Wow. Very close to mine. I'd add, Chicot the Jester Marguerite de Valois The Beautiful and Damned Don Quixote Hitchhiker's Guide to the Galaxy
Not including anything already mentioned, The Hobbit and Lord of the Rings would definitely be included in mine. The Bible as well. Animal Farm, The Great Gatsby, The Raven, The Count of Monte Cristo, Jurassic Park, maybe The Wheel of Time and the Timothy Zahn authored Star Wars trilogy (Heir to the Empire, Dark Force Rising, and The Last Command).

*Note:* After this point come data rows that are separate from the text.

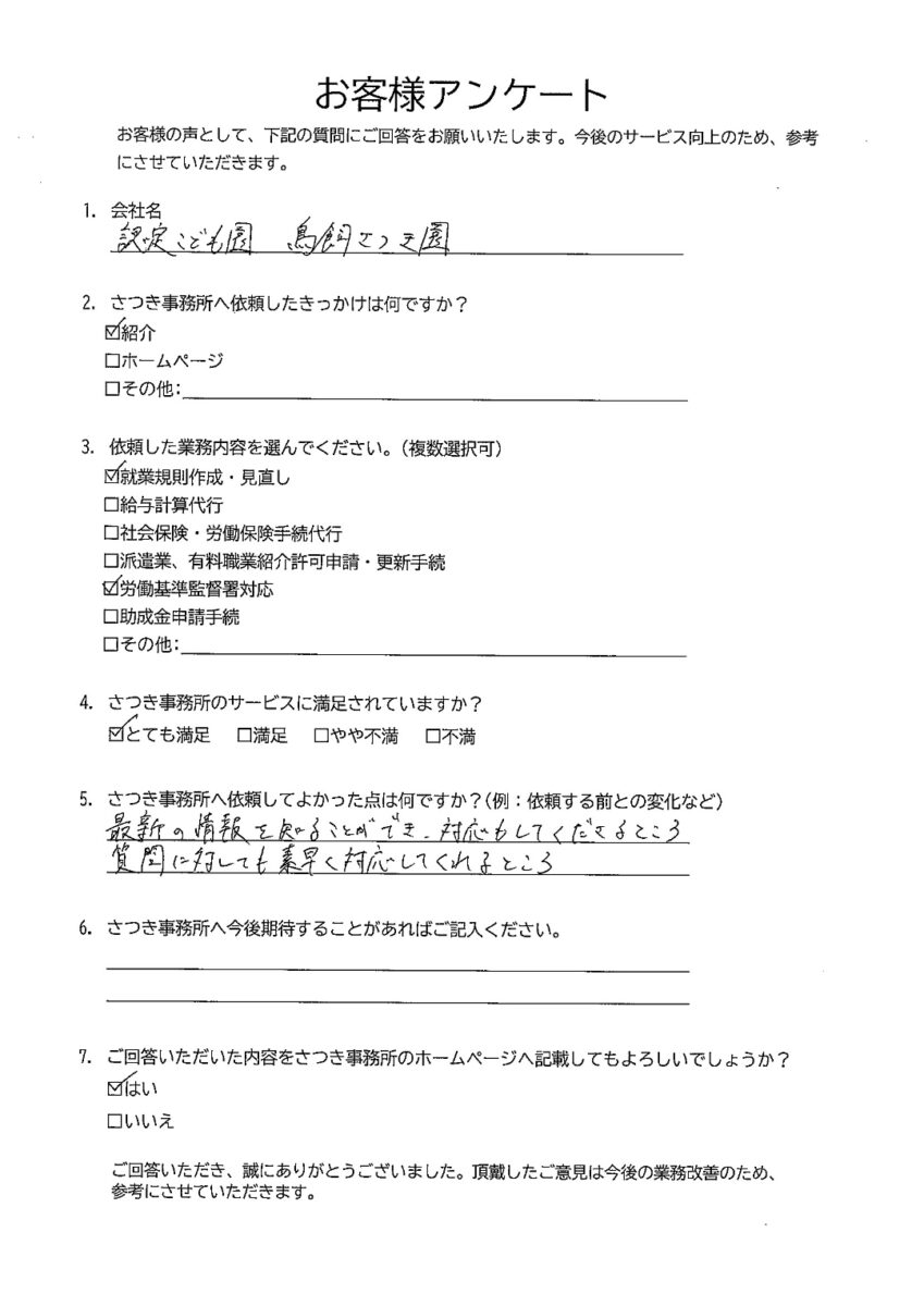 認定こども園 鳥飼さつき園 様 依頼した業務内容を選んでください 就業規則作成・見直し、労働基準監督署対応 LIAへ依頼してよかった点は何ですか? 最新の情報を知ることができ、対応もしてくださるところ。質問に対しても素早く対応してくれるところ。 アンケートを見る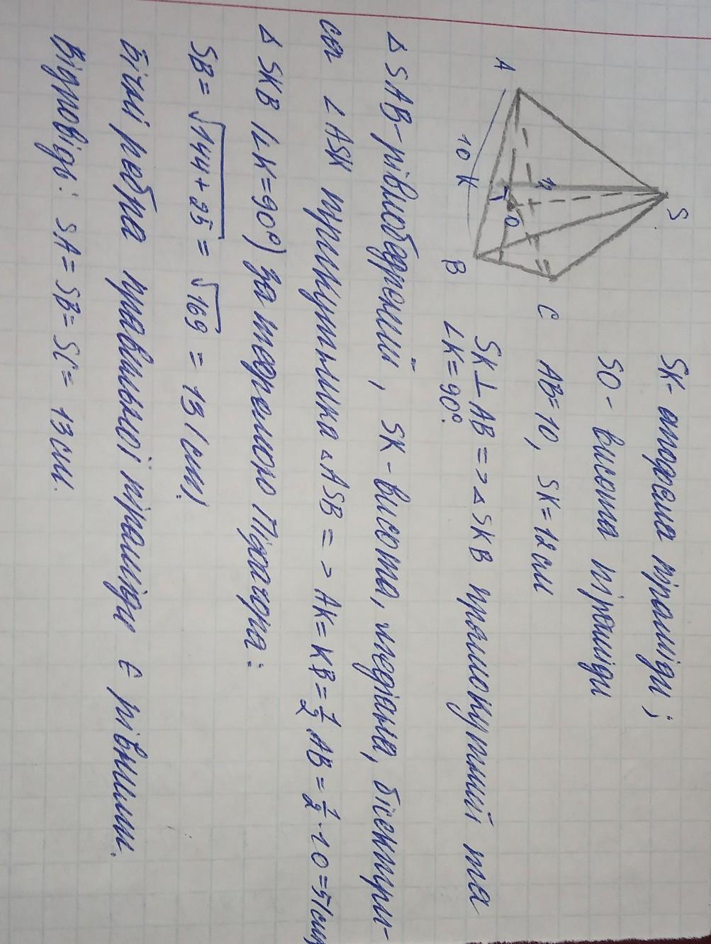 знайдіть бічне ребро правильної трикутної піраміди апофема якої дорівнює 12 см,а сторона основи 10 см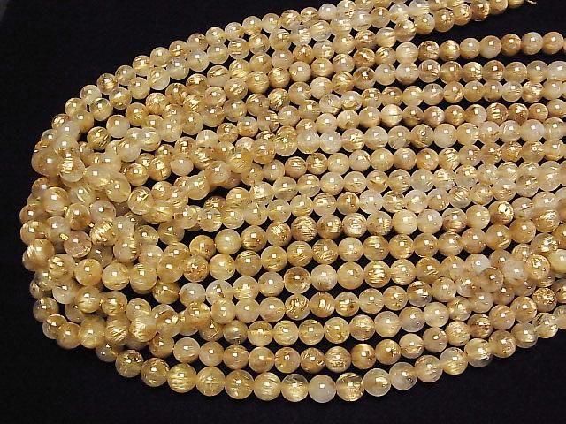 [Video] Golden Rutilated Quartz AA++ Round 7mm half or 1strand beads (aprx.15inch/38cm)

Walden Bleak House Great Expectations The Stranger Babbitt On Liberty Zen and the Art of Motorcycle Maintenance also, the essay "Sequences" by Patrick McManus. If you don't know it, here it is:
I am surprised no one has answered Atlas Shrugged. I have never finished it because once it starts going on about train track alloys I get so disinterested I put it back on the shelf and forget.

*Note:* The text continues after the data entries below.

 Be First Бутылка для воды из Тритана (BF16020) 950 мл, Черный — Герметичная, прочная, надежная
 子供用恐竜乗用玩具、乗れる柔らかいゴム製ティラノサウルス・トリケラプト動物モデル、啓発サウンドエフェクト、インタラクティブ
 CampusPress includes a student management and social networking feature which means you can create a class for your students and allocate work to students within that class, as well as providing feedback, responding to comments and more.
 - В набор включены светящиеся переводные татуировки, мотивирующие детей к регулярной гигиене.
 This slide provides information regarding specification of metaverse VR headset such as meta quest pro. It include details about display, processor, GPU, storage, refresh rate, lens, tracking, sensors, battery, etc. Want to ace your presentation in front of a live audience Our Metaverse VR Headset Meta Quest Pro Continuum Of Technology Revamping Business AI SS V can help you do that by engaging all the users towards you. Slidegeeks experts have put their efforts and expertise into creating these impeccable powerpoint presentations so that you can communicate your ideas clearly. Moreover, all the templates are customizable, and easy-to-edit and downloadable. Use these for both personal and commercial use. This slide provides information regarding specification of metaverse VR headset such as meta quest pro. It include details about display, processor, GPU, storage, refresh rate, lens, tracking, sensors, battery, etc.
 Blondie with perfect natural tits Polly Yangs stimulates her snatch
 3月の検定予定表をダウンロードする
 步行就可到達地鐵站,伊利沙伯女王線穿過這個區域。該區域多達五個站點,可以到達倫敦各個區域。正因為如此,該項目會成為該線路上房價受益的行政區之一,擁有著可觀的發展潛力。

It's okay, but could have used a much more aggressive editor. At one point there is a monologue by John Galt that goes on for 60 pages. It also has way too much focus on Dagny Taggart and her romantic relationships. The Fountainhead is a better read.
“There are two novels that can change a bookish fourteen-year old’s life: The Lord of the Rings and Atlas Shrugged. One is a childish fantasy that often engenders a lifelong obsession with its unbelievable heroes, leading to an emotionally stunted, socially crippled adulthood, unable to deal with the real world. The other, of course, involves orcs." These kind of threads often puzzle me because of the disconnect between people's reading choices and actual politics. I'd like to think mine are well aligned and reflective of both my intellectual and lived life. Then again, I'm an idiot. Here are 10 of mine broken into categories: Novels Absalom, Absalom The Brothers Karamazov Angle of Repose History Simple Justice The Education of Henry Adams I Will Bear Witness (both volumes) Work Young Men and Fire Drift into Failure (Sidney Dekker) Environment Desert Solitaire Cadillac Desert
odd that you brought up politics in this thread, or that you'd be surprised people read books written by authors who might feel differently than they do about one or another issue.

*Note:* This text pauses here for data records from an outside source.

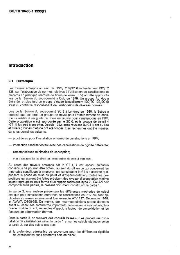 ISO/TR 10465-1:1993 - Installation enterrée de canalisations flexibles en plastique renforcé de fibres de verre/résine thermodurcissable (PRV)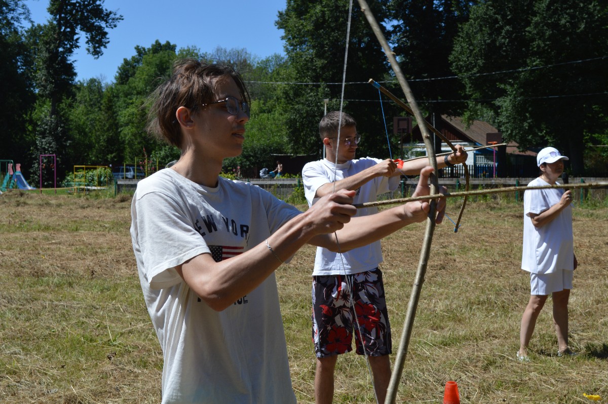 Студенты Сергей Бодров, Михаил Медведев и девятиклассник местной школы Антон Завацкий проверяли спортивные навыки участников квест-игры на станции «Богатырская».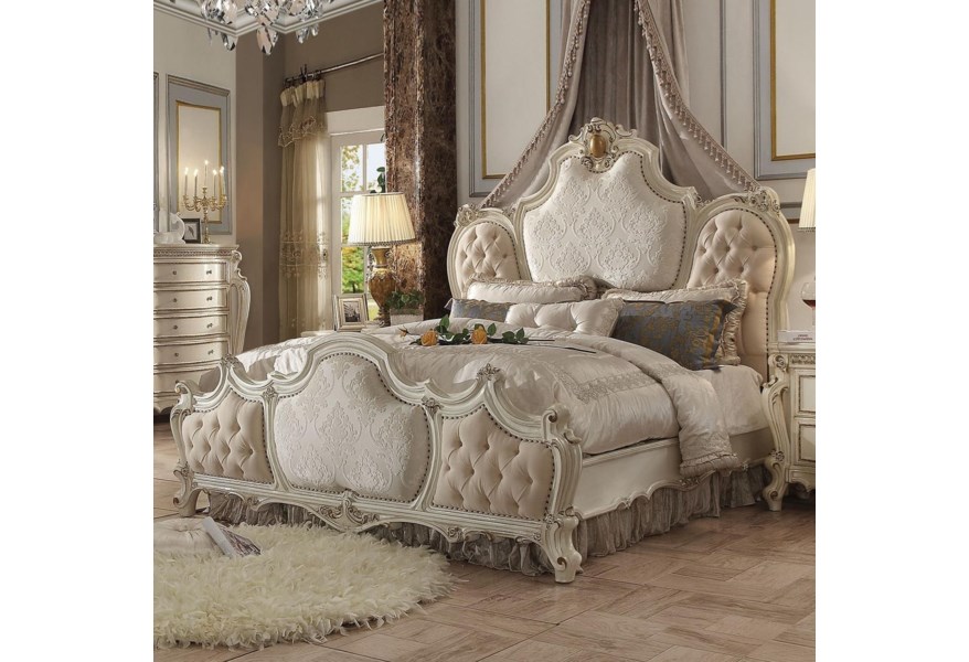 The Picardy bedroom collection brings the influence of European antiques to life with traditional carvings, detailed looping, and a gorgeous antique pearl finish. The hand applied finish enhances the beauty of the detailed wood work and carvings. The bed features tufted upholstery on the headboard and footboard. This elaborate collection will surely bring true splendor into your home.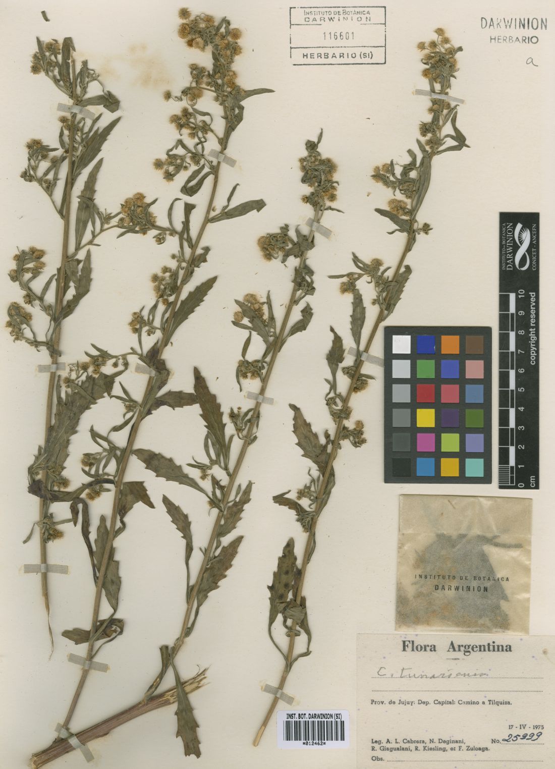 Hierbas anuales, hasta de 1 m de alto; raíz principal desarrollada; tallos usualmente únicos, ramificados, hojosos, hirsutos. Hojas sésiles, obovado-elípticas o elípticas, base atenuada y algo auriculadas, ápice subagudo, hirsutas en ambas caras, las inferiores de 5-10 cm × 1,5-20 mm, márgen serrado o lobado, las superiores algo menores que las inferiores, enteras o esparcidamente serradas. Capítulos usualmente más de 30 por eje, ca. 4 × 4-5 mm, pedunculados, agrupados de a pocos en la axila de las hojas y formando en conjunto una pseudopanícula amplia y foliosa. Involucro hemisférico, formado por filarios subiguales, dispuestos en 2 ó 3 series, linear-ovados, de 2,9-3,5 × 0,5-0,9 mm, agudos e hirsutos. Flores marginales en 4(-5) series, con corola filiforme, de 2,3-2,6 mm de largo, de igual longitud o apenas más larga que los filarios, con limbo corto (ca. 0,5 mm), ápice 2-lobado; flores del centro pocas, con corola tubulosoinfundibuliforme, de 2,5-3 mm de largo. Aquenios de 0,9-1 × 0,3-0,4 mm, laxamente seríceos a subglabros. Papus de 2,3-2,5 mm de largo.

Both books (The Fountainhead and Atlas Shrugged) have long monologues by the hero. For sure the Galt monologue is much, much longer than the courtroom speech by Roark in The Fountainhead. Rand was using those novels to define Objectivism. She was a philosopher as well as writer, so that is why it was written as it was. A strict interpretation or application of Objectivism to politics or economics doesn’t function as it did in her fictional world. That being said, she had some concerns about the future of society that frankly have come to pass. I think if you read Atlas Shrugged and then look at changes in society over the last 50 years there are a lot of parallels. I read both around the age of 15 at the recommendation of my history teacher. And at least for me, a lot of the principles that I live by and how I run, my businesses were developed on her inspiration. Ayn was a flawed person (as we all are) and both books are pretty long and excessively wordy at times but inside of all of that they are both brilliant stories.